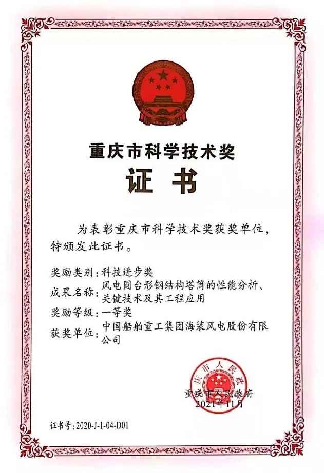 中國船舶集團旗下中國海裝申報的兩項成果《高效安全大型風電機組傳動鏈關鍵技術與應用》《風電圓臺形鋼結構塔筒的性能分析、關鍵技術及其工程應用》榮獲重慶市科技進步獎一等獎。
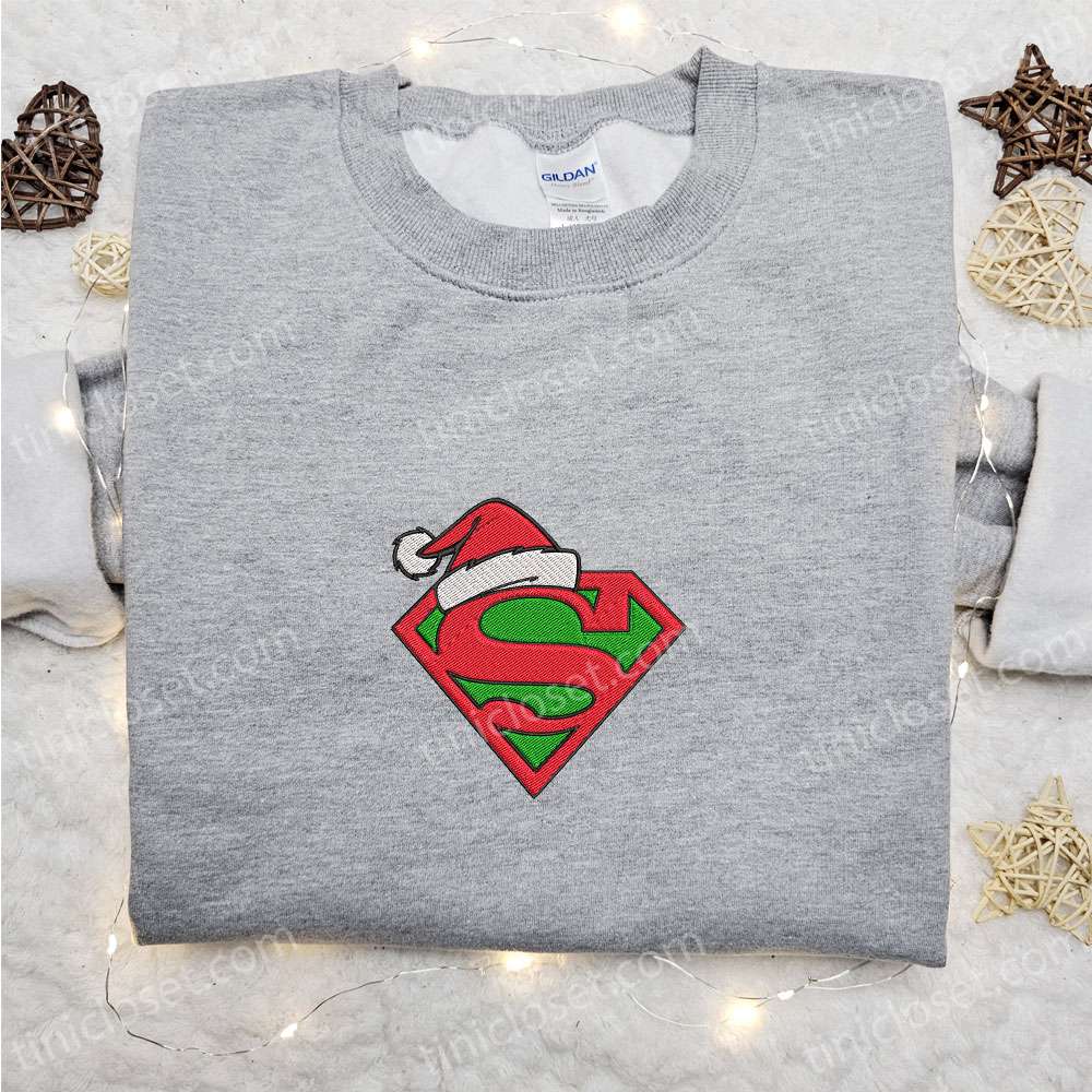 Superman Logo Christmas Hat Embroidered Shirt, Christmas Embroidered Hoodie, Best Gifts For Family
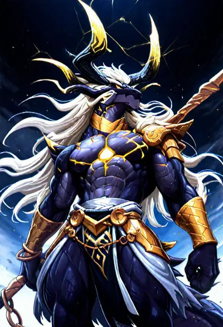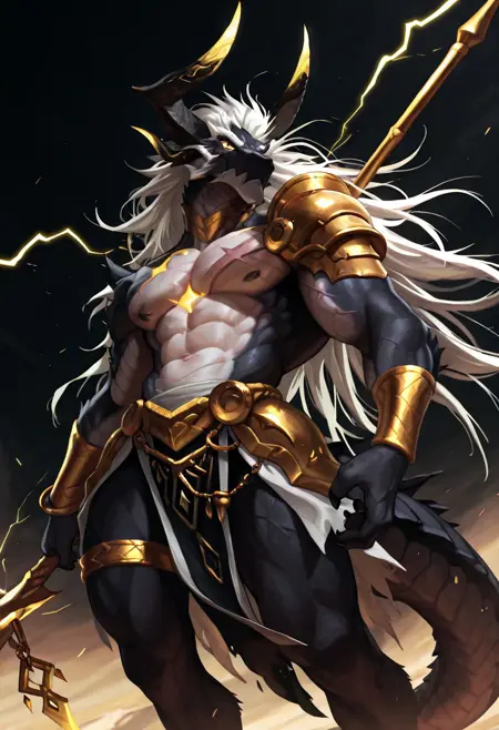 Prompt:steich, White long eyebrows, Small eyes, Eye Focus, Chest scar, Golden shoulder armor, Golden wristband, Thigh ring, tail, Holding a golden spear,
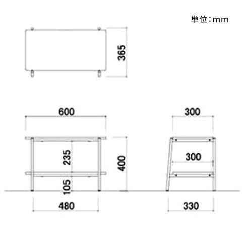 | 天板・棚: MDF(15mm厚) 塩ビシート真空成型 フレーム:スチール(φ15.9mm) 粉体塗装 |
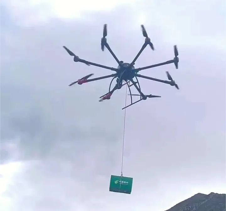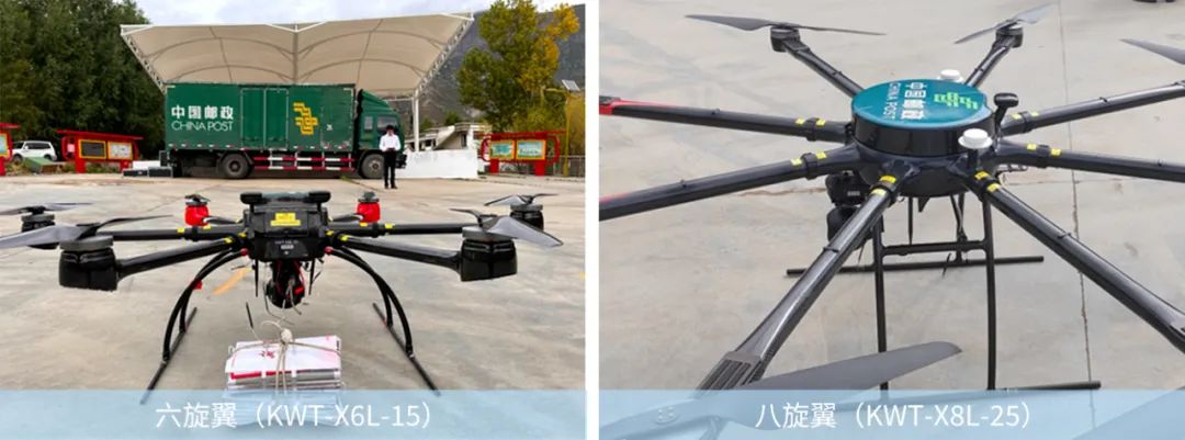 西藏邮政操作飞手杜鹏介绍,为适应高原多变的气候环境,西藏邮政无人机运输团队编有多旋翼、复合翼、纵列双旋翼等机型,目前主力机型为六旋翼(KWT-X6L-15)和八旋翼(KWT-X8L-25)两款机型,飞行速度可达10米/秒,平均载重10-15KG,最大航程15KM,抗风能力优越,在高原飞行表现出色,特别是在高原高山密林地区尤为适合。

--

From the line containing "Superman Logo Christmas" through the final line of the records, write out each line exactly, and include no pictures.

 Superman Logo Christmas Hat Embroidered Shirt, Christmas Embroidered Hoodie, Best Gifts For Family
 Prompt:steich, White long eyebrows, Small eyes, Eye Focus, Chest scar, Golden shoulder armor, Golden wristband, Thigh ring, tail, Holding a golden spear,
 | 天板・棚: MDF(15mm厚) 塩ビシート真空成型 フレーム:スチール(φ15.9mm) 粉体塗装 |
 西藏邮政操作飞手杜鹏介绍,为适应高原多变的气候环境,西藏邮政无人机运输团队编有多旋翼、复合翼、纵列双旋翼等机型,目前主力机型为六旋翼(KWT-X6L-15)和八旋翼(KWT-X8L-25)两款机型,飞行速度可达10米/秒,平均载重10-15KG,最大航程15KM,抗风能力优越,在高原飞行表现出色,特别是在高原高山密林地区尤为适合。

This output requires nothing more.